EXERCISE INSTRUCTIONS: The listing below must be returned in full and unchanged, without the images it carries.

PROVIDED MATERIAL:
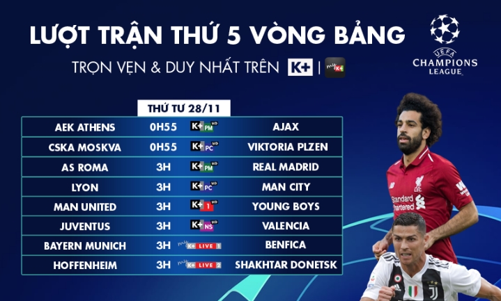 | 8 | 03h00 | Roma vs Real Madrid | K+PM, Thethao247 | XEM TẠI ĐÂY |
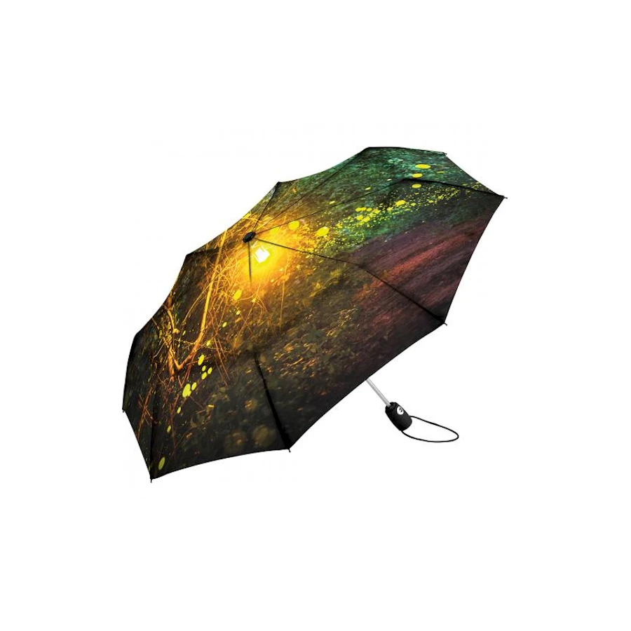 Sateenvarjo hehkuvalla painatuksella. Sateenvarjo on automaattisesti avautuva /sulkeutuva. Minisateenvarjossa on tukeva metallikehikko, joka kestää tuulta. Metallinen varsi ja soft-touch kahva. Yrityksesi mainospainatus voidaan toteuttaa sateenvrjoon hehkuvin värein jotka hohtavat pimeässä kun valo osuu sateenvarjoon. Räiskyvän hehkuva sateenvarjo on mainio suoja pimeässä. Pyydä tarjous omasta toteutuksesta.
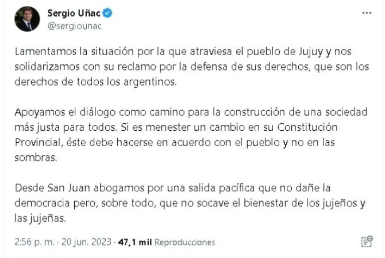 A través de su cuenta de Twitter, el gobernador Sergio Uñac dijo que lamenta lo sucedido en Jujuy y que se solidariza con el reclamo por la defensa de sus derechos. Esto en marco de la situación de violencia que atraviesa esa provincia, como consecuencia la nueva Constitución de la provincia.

THE COMPLETED TASK:
 | 8 | 03h00 | Roma vs Real Madrid | K+PM, Thethao247 | XEM TẠI ĐÂY |
 Sateenvarjo hehkuvalla painatuksella. Sateenvarjo on automaattisesti avautuva /sulkeutuva. Minisateenvarjossa on tukeva metallikehikko, joka kestää tuulta. Metallinen varsi ja soft-touch kahva. Yrityksesi mainospainatus voidaan toteuttaa sateenvrjoon hehkuvin värein jotka hohtavat pimeässä kun valo osuu sateenvarjoon. Räiskyvän hehkuva sateenvarjo on mainio suoja pimeässä. Pyydä tarjous omasta toteutuksesta.
 A través de su cuenta de Twitter, el gobernador Sergio Uñac dijo que lamenta lo sucedido en Jujuy y que se solidariza con el reclamo por la defensa de sus derechos. Esto en marco de la situación de violencia que atraviesa esa provincia, como consecuencia la nueva Constitución de la provincia.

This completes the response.